GIFT Nifty futures were trading at 24,042, as ‌of 7:58 a.m. IST, indicating the Nifty 50 could open near 24,052.05, the closing level on Tuesday.

Brent crude climbed 1.2% to $85.8 a barrel, after US President Donald Trump reimposed a naval blockade on Iranian ports and Tehran retaliated ​with strikes on US infrastructure in the Middle East.

Higher oil prices threaten to widen ​India’s import bill and fiscal deficit, stoke inflation and squeeze corporate margins, given ⁠the country’s heavy dependence on imported energy.

However, softer-than-expected U.S. inflation in May lifted Wall Street and ​Asian equities, cushioning risk sentiment.

Lower U.S. inflation supports emerging markets such as India by keeping near-term ​rate-hike risks at bay, easing dollar pressure and encouraging foreign flows into risk assets.

Both Nifty 50 and Sensex fell 0.7% each on Tuesday, snapping a three-session winning streak, with investors assessing the June-quarter corporate earnings.

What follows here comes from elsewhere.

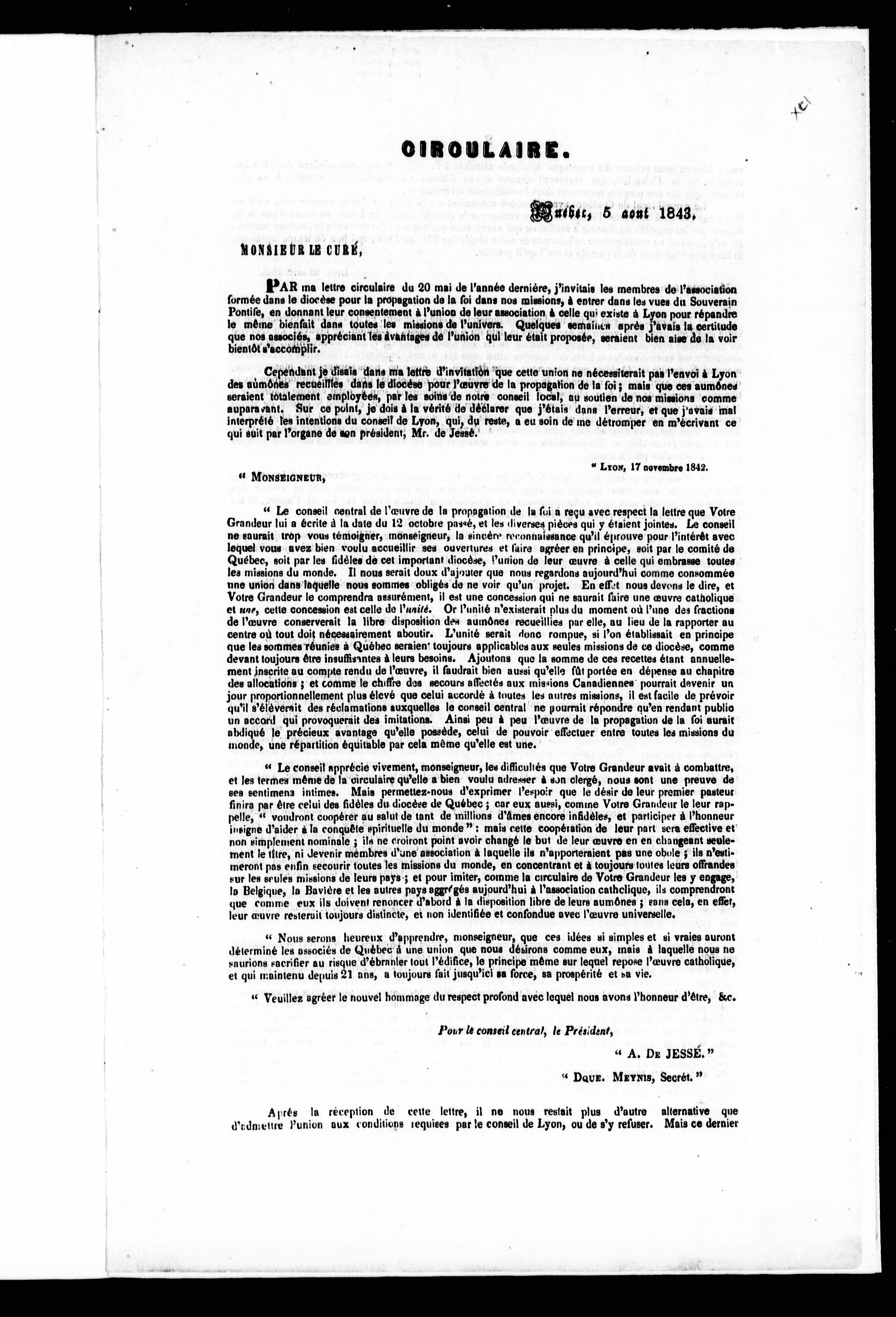 Circulaire : par ma lettre circulaire du 20 mai de l'année dernière, j'invitais les membres de l'association formée dans le diocèse pour la propagation de la foi dans nos missions ..

“We expect Nifty to ​extend the recent consolidation in the range of 23,800 to 24,350,” said Bajaj Broking Market, adding ​that higher crude prices is weighing on risk appetite.

Foreign institutional investors (FII) were net sellers of Indian stocks on ‌Tuesday, with ⁠outflows at 7.40 billion rupees. Domestic institutional investors (DII) purchased stocks worth 29.28 billion rupees, according to NSE’s provisional data.

Among stocks, L&T Technology Services will be in focus after the engineering research and development firm posted an 11.5% rise in its quarterly consolidated revenue.

Peer Tata Elxsi could rise after the ​company reported an 18.2% ​rise in first-quarter profit, ⁠supported by strong tech spending from global operators, broadcasters and device manufacturers.